As I felt similarly confused with .transform
operation vs. .apply
I found a few answers shedding some light on the issue. This answer for example was very helpful.
My takeout so far is that .transform
will work (or deal) with Series
(columns) in isolation from each other. What this means is that in your last two calls:
df.groupby('A').transform(lambda x: (x['C'] - x['D']))
df.groupby('A').transform(lambda x: (x['C'] - x['D']).mean())
You asked .transform
to take values from two columns and 'it' actually does not 'see' both of them at the same time (so to speak). transform
will look at the dataframe columns one by one and return back a series (or group of series) 'made' of scalars which are repeated len(input_column)
times.
So this scalar, that should be used by .transform
to make the Series
is a result of some reduction function applied on an input Series
(and only on ONE series/column at a time).
Consider this example (on your dataframe):
zscore = lambda x: (x - x.mean()) / x.std() # Note that it does not reference anything outside of 'x' and for transform 'x' is one column.
df.groupby('A').transform(zscore)
will yield:
C D
0 0.989 0.128
1 -0.478 0.489
2 0.889 -0.589
3 -0.671 -1.150
4 0.034 -0.285
5 1.149 0.662
6 -1.404 -0.907
7 -0.509 1.653
Which is exactly the same as if you would use it on only on one column at a time:
df.groupby('A')['C'].transform(zscore)
yielding:
0 0.989
1 -0.478
2 0.889
3 -0.671
4 0.034
5 1.149
6 -1.404
7 -0.509
Note that .apply
in the last example (df.groupby('A')['C'].apply(zscore)
) would work in exactly the same way, but it would fail if you tried using it on a dataframe:
df.groupby('A').apply(zscore)
gives error:
ValueError: operands could not be broadcast together with shapes (6,) (2,)
So where else is .transform
useful?
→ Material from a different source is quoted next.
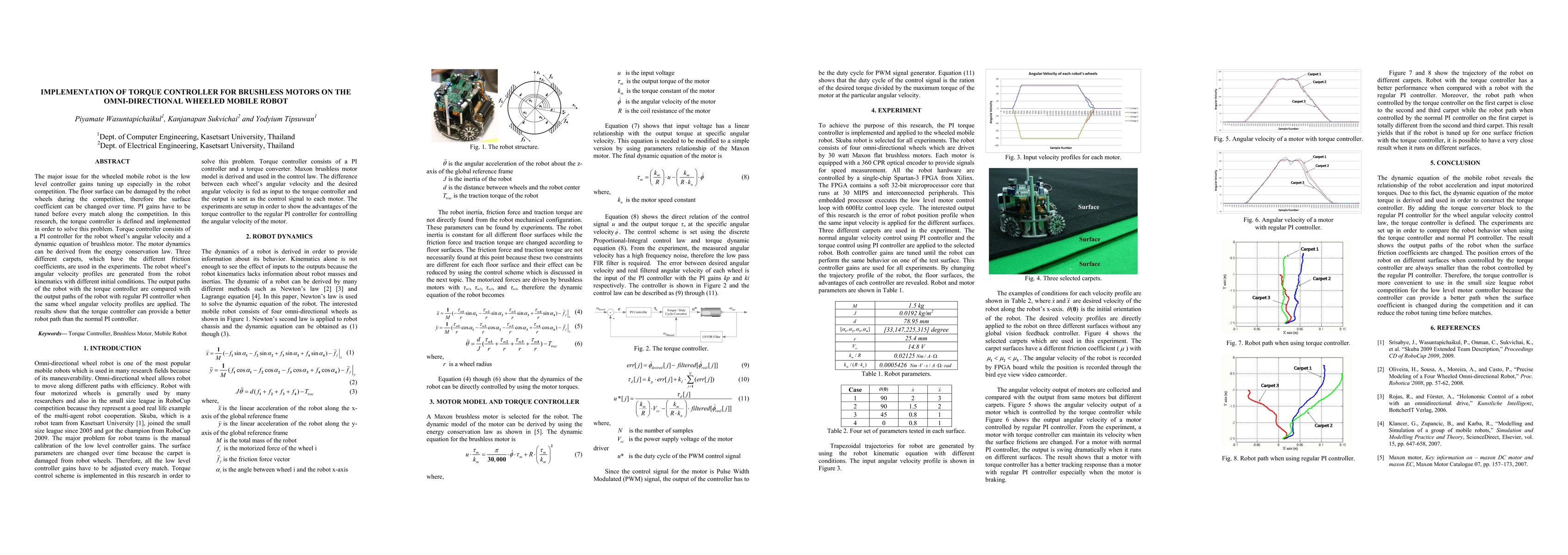 The major issue for the wheeled mobile robot is the low level controller gains tuning up especially in the robot competition. The floor surface can be damaged by the robot wheels during the competition, therefore the surface coefficient can be changed over time. PI gains have to be tuned before every match along the competition. In this research, the torque controller is defined and implemented in order to solve this problem. Torque controller consists of a PI controller for the robot wheel's angular velocity and a dynamic equation of brushless motor. The motor dynamics can be derived from the energy conservation law. Three different carpets, which have the different friction coefficients, are used in the experiments. The robot wheel's angular velocity profiles are generated from the robot kinematics with different initial conditions. The output paths of the robot with the torque controller are compared with the output paths of the robot with regular PI controller when the same wheel angular velocity profiles are applied. The results show that the torque controller can provide a better robot path than the normal PI controller.

The simplest case is trying to assign results of reduction function back to original dataframe.
df['sum_C'] = df.groupby('A')['C'].transform(sum)
df.sort('A') # to clearly see the scalar ('sum') applies to the whole column of the group
yielding:
A B C D sum_C
1 bar one 1.998 0.593 3.973
3 bar three 1.287 -0.639 3.973
5 bar two 0.687 -1.027 3.973
4 foo two 0.205 1.274 4.373
2 foo two 0.128 0.924 4.373
6 foo one 2.113 -0.516 4.373
7 foo three 0.657 -1.179 4.373
0 foo one 1.270 0.201 4.373
Trying the same with .apply
would give NaNs
in sum_C
.
Because .apply
would return a reduced Series
, which it does not know how to broadcast back:
df.groupby('A')['C'].apply(sum)
giving:
A
bar 3.973
foo 4.373
There are also cases when .transform
is used to filter the data:
df[df.groupby(['B'])['D'].transform(sum) < -1]
A B C D
3 bar three 1.287 -0.639
7 foo three 0.657 -1.179
I hope this adds a bit more clarity.